Winged horses and virtuous Koreans | Image: Christopher Richardson

Winged horses and virtuous Koreans | Image: Christopher Richardson

Charles Armstrong has argued that this is a key ideational element of the North Korean revolution, writing that in the area of ideology “one of the most distinctively Korean elements of communism in North Korea was its emphasis on ideas over material conditions. Koreans shared this Marxist heresy with their counterparts in China and Vietnam, but this humanistic and voluntaristic emphasis was even more pronounced in Korea than in the other two East Asian communist revolutions.” Indeed, the almost miraculous power invested in the ideologically pure child hero of A Winged Horse would be out of place in Soviet children’s literature, emerging instead from the folkloric traditions of the Korean Peninsula and reflecting the heretical centrality of piety of thought and intention to the North Korean revolution. As of 2012, Kim Il-sung’s fairytale has gained a newfound resonance. Now that Kim Jong-un, youngest of Kim Jong-il’s three sons, has risen to power above his older siblings, one wonders whether the legend of A Winged Horse might have a special place in his imagination…

How To Judge A Book? Nature, Nurture & the Shifting Sands of Narrative | There is a paradox at the core of North Korea’s literary philosophy, a tension between nature and nurture that Kim Jong-il’s dialectic in On Juche Literature struggles to resolve. Does the artist create, or merely represent? Or perhaps, in representing, create? On the one hand, Kim insists North Korean children’s literature must reflect “our children’s characteristics,” and present “artistic images in conformity with this high level of the mentality of our children.” Yet, on the other hand, in his scathing attack on foreign children’s culture, Kim is forced to concede that the revolutionary mentality of the North Korean child is, in fact, manufactured, not innate. In a striking passage, he writes that:

Prevalent in the current world children’s literature is a tendency to sing the praises of a supraclass “pure disposition,” trying to find the children’s characters in something inborn. To neglect acquired nature and to regard inborn nature as being absolute in representing children’s characters is the way to building a barrier between the rising generation and society, and making them incompetent beings for the times and revolution and prisoners of reactionary fatalism.[6]
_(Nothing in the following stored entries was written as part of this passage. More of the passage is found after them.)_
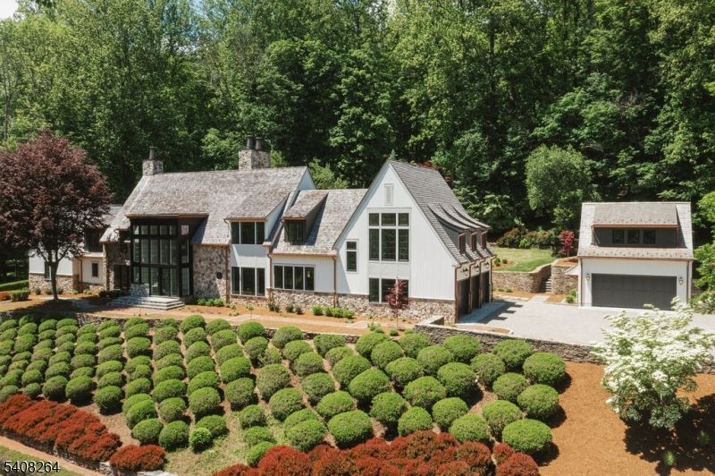 An unprecedented offering has come, representing new style and vision to historic Bernardsville Mountain. For the first time, the work of a noted NYC developer has arrived in NJ. With past achievements including NYC and international projects, luxury commercial properties, plus A-List Manhattan residences, his incomparable work has come to the Somerset Hills. Soaring ceilings, oversized windows framing countryside views, European white oak wood floors, wood-paneled and arched doorways, uncommonly beautiful bespoke cabinetry, and built-ins are among the defining statements of the interior finishes. Carefully designed for a blend of private living and exceptional entertaining, gathering spaces exist on all three levels and extend to the impeccable grounds. Every option, including single floor living is offered, with primary suites on the first and second floors. A jaw-dropping 20-ft atrium, two great rooms, an incomparable country chic kitchen with adjoining butler's pantry, as well as a ground-floor wine cellar grace the inside. With views of the Somerset Hills, this 12-acre estate commands its ground and complements its surroundings. Extensive natural woods provide outstanding privacy and thoughtfully landscaped gardens, multiple patios, a pond, and country brick and stonewall walking paths encompass the exquisite property. A carriage house provides additional garage space for car enthusiasts and private living quarters above. This noteworthy offering is not to be missed.
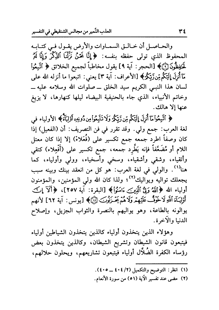{اتَّبِعُواْ مَا أُنزِلَ إِلَيْكُم مِّن رَّبِّكُمْ وَلَا تَتَّبِعُواْ مِن دُونِهِ أَوْلِيَاء} الأولياء في لغة العرب: جمع ولي، وقد تقرر في فن التصريف: أن (الفعيل) إذا كان وصفاً اطرد جمعه جمع تكسير على (فُعَلاءْ) إلا إذا كان معتل اللام أو مُضَعَّفاً فإنه يَطَّرِد جمعه جمع تكسير على (أَفْعِلاء) كتقي وأتقياء، وشقي وأشقياء، وسخي وأسخياء، وولي وأولياء، كما هنا (¬١). والولي في لغة العرب: هو كل مَنِ انْعَقَدَ بَيْنَك وبَيْنَهُ سَبَبٌ يجعلك تواليه ويواليك (¬٢)؛ ولذا كان الله ولي المؤمنين، والمؤمنون أولياء الله {الله وَلِيُّ الَّذِينَ آمَنُواْ} [البقرة: آية ٢٥٧] {أَلا إِنَّ أَوْلِيَاء الله لَا خَوْفٌ عَلَيْهِمْ وَلَا هُمْ يَحْزَنُونَ (٦٢)} [يونس: آية ٦٢] لأنهم يوالونه بالطاعة، وهو يواليهم بالنصرة والثواب الجزيل، وإصلاح الدنيا والآخرة.
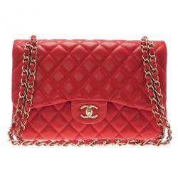 Chanel Red Lambskin Jumbo Double Flap Bag
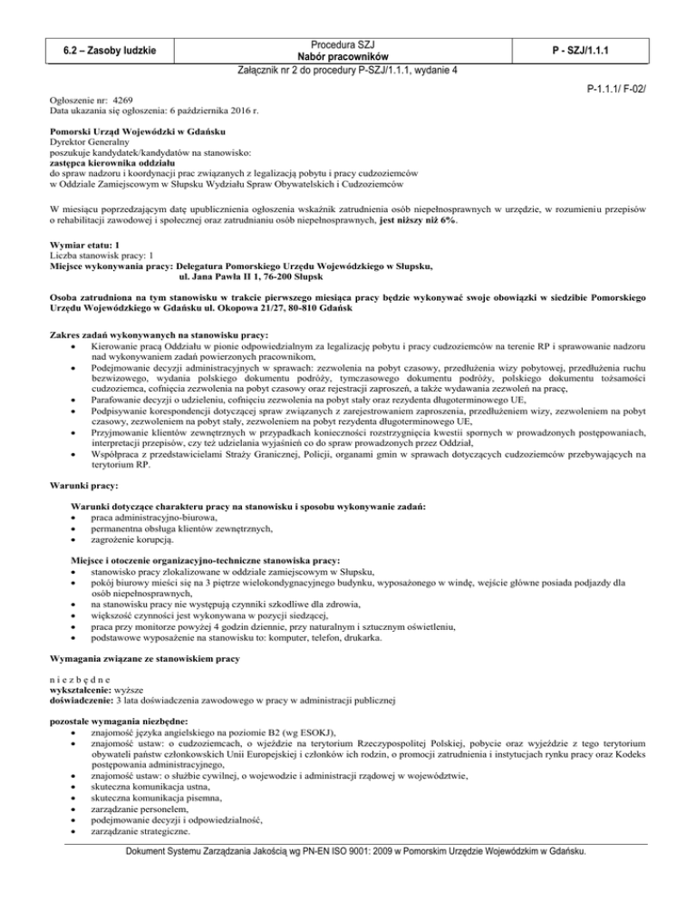 6.2 – Zasoby ludzkie Procedura SZJ Nabór pracowników Załącznik nr 2 do procedury P-SZJ/1.1.1, wydanie 4 P - SZJ/1.1.1 P-1.1.1/ F-02/ Ogłoszenie nr: 4269 Data ukazania się ogłoszenia: 6 października 2016 r. Pomorski Urząd Wojewódzki w Gdańsku Dyrektor Generalny poszukuje kandydatek/kandydatów na stanowisko: zastępca kierownika oddziału do spraw nadzoru i koordynacji prac związanych z legalizacją pobytu i pracy cudzoziemców w Oddziale Zamiejscowym w Słupsku Wydziału Spraw Obywatelskich i Cudzoziemców W miesiącu poprzedzającym datę upublicznienia ogłoszenia wskaźnik zatrudnienia osób niepełnosprawnych w urzędzie, w rozumieniu przepisów o rehabilitacji zawodowej i społecznej oraz zatrudnianiu osób niepełnosprawnych, jest niższy niż 6%. Wymiar etatu: 1 Liczba stanowisk pracy: 1 Miejsce wykonywania pracy: Delegatura Pomorskiego Urzędu Wojewódzkiego w Słupsku, ul. Jana Pawła II 1, 76-200 Słupsk Osoba zatrudniona na tym stanowisku w trakcie pierwszego miesiąca pracy będzie wykonywać swoje obowiązki w siedzibie Pomorskiego Urzędu Wojewódzkiego w Gdańsku ul. Okopowa 21/27, 80-810 Gdańsk Zakres zadań wykonywanych na stanowisku pracy: Kierowanie pracą Oddziału w pionie odpowiedzialnym za legalizację pobytu i pracy cudzoziemców na terenie RP i sprawowanie nadzoru nad wykonywaniem zadań powierzonych pracownikom, Podejmowanie decyzji administracyjnych w sprawach: zezwolenia na pobyt czasowy, przedłużenia wizy pobytowej, przedłużenia ruchu bezwizowego, wydania polskiego dokumentu podróży, tymczasowego dokumentu podróży, polskiego dokumentu tożsamości cudzoziemca, cofnięcia zezwolenia na pobyt czasowy oraz rejestracji zaproszeń, a także wydawania zezwoleń na pracę, Parafowanie decyzji o udzieleniu, cofnięciu zezwolenia na pobyt stały oraz rezydenta długoterminowego UE, Podpisywanie korespondencji dotyczącej spraw związanych z zarejestrowaniem zaproszenia, przedłużeniem wizy, zezwoleniem na pobyt czasowy, zezwoleniem na pobyt stały, zezwoleniem na pobyt rezydenta długoterminowego UE, Przyjmowanie klientów zewnętrznych w przypadkach konieczności rozstrzygnięcia kwestii spornych w prowadzonych postępowaniach, interpretacji przepisów, czy też udzielania wyjaśnień co do spraw prowadzonych przez Oddział, Współpraca z przedstawicielami Straży Granicznej, Policji, organami gmin w sprawach dotyczących cudzoziemców przebywających na terytorium RP. Warunki pracy: Warunki dotyczące charakteru pracy na stanowisku i sposobu wykonywanie zadań: praca administracyjno-biurowa, permanentna obsługa klientów zewnętrznych, zagrożenie korupcją. Miejsce i otoczenie organizacyjno-techniczne stanowiska pracy: stanowisko pracy zlokalizowane w oddziale zamiejscowym w Słupsku, pokój biurowy mieści się na 3 piętrze wielokondygnacyjnego budynku, wyposażonego w windę, wejście główne posiada podjazdy dla osób niepełnosprawnych, na stanowisku pracy nie występują czynniki szkodliwe dla zdrowia, większość czynności jest wykonywana w pozycji siedzącej, praca przy monitorze powyżej 4 godzin dziennie, przy naturalnym i sztucznym oświetleniu, podstawowe wyposażenie na stanowisku to: komputer, telefon, drukarka. Wymagania związane ze stanowiskiem pracy niezbędne wykształcenie: wyższe doświadczenie: 3 lata doświadczenia zawodowego w pracy w administracji publicznej pozostałe wymagania niezbędne: znajomość języka angielskiego na poziomie B2 (wg ESOKJ), znajomość ustaw: o cudzoziemcach, o wjeździe na terytorium Rzeczypospolitej Polskiej, pobycie oraz wyjeździe z tego terytorium obywateli państw członkowskich Unii Europejskiej i członków ich rodzin, o promocji zatrudnienia i instytucjach rynku pracy oraz Kodeks postępowania administracyjnego, znajomość ustaw: o służbie cywilnej, o wojewodzie i administracji rządowej w województwie, skuteczna komunikacja ustna, skuteczna komunikacja pisemna, zarządzanie personelem, podejmowanie decyzji i odpowiedzialność, zarządzanie strategiczne. Dokument Systemu Zarządzania Jakością wg PN-EN ISO 9001: 2009 w Pomorskim Urzędzie Wojewódzkim w Gdańsku. 6.2 – Zasoby ludzkie Procedura SZJ Nabór pracowników Załącznik nr 2 do procedury P-SZJ/1.1.1, wydanie 4 P - SZJ/1.1.1 P-1.1.1/ F-02/ wymagania dodatkowe: wykształcenie wyższe prawnicze lub administracyjne, znajomość innego języka europejskiego obcego na poziomie B2 (wg ESOKJ), Wymagane dokumenty i oświadczenia: życiorys i list motywacyjny, kopia dokumentu potwierdzającego posiadanie polskiego obywatelstwa lub oświadczenie o posiadaniu obywatelstwa polskiego, oświadczenie o wyrażeniu zgody na przetwarzanie danych osobowych do celów rekrutacji, oświadczenie o nieskazaniu prawomocnym wyrokiem za umyślne przestępstwo lub umyślne przestępstwo skarbowe, oświadczenie o korzystaniu z pełni praw publicznych, kopie dokumentów potwierdzających wykształcenie, kopie dokumentów potwierdzających posiadanie wymaganego doświadczenia zawodowego Dokumenty i oświadczenia dodatkowe: kopia dokumentu potwierdzającego niepełnosprawność - w przypadku, gdy kandydatka/kandydat zamierza skorzystać z uprawnienia, o którym mowa w art. 29a ust. 2 ustawy z dnia 21 listopada 2008 r. o służbie cywilnej (Dz. U. z 2016 r. Nr 1345 z późn. zm.), kopie dokumentów potwierdzających spełnienie wymagania dodatkowego w zakresie wykształcenia, kopie dokumentów potwierdzających spełnienie wymagania dodatkowego w zakresie znajomości innego języka europejskiego na poziomie B2 (wg ESOKJ). Termin składania dokumentów: 17 -10-2016 r. Miejsce składania dokumentów: Pomorski Urząd Wojewódzki w Gdańsku Punkt przyjęć korespondencji w holu budynku Urzędu przy wejściu „B” ul. Okopowa 21/27 80-810 Gdańsk Na kopercie i liście motywacyjnym należy umieścić dopisek: 79/16 Inne informacje: O przebiegu naboru kandydaci będą informowani za pośrednictwem poczty elektronicznej, ponadto informacje dotycząc

Of course, this is no concession at all; rather, it is a semantic obfuscation, intended to occlude the dilemma at the core of revolutionary literature. Struggling to resolve the tension between nature and nurture, Kim redefines the debate, distinguishing instead between two types of nature: “acquired nature” and “inborn nature.” Yet the implication is clear; that the role of North Korean children’s literature is not to reflect “something inborn” in the Korean race, but to create and project a new nature, one authored by the state. The onus then falls on artists and writers to adequately enforce this re-engineered vision of “nature,” and for the child to adequately respond. In contemporary North Korea, with proliferating foreign media in the hands of adults and children, this is likely to prove an onerous task. Ultimately, the state might be forced to permit the distribution of foreign children’s culture, or attempt to suppress it altogether. In the meantime, the writers and illustrators of North Korea will strive to reconcile their twin demands, creating texts that foster revolutionary consciousness, national cohesion, ideological purity, and reverence for the Kims in the minds of their young readers, whilst also being “still quite fun to read.”

__________

[1] Kim Il-sung, A Winged Horse (Pyongyang: Foreign Languages Publishing House, 1989), 2.

[2] Ibid., 7-8.

[3] Ibid., 6-7.

[4] Ibid., 23, 56-57.

[5] Ibid., 49-50

[6] Kim Jong-il, On Juche Literature (Pyongyang: Foreign Languages Publishing House, 1992), 221.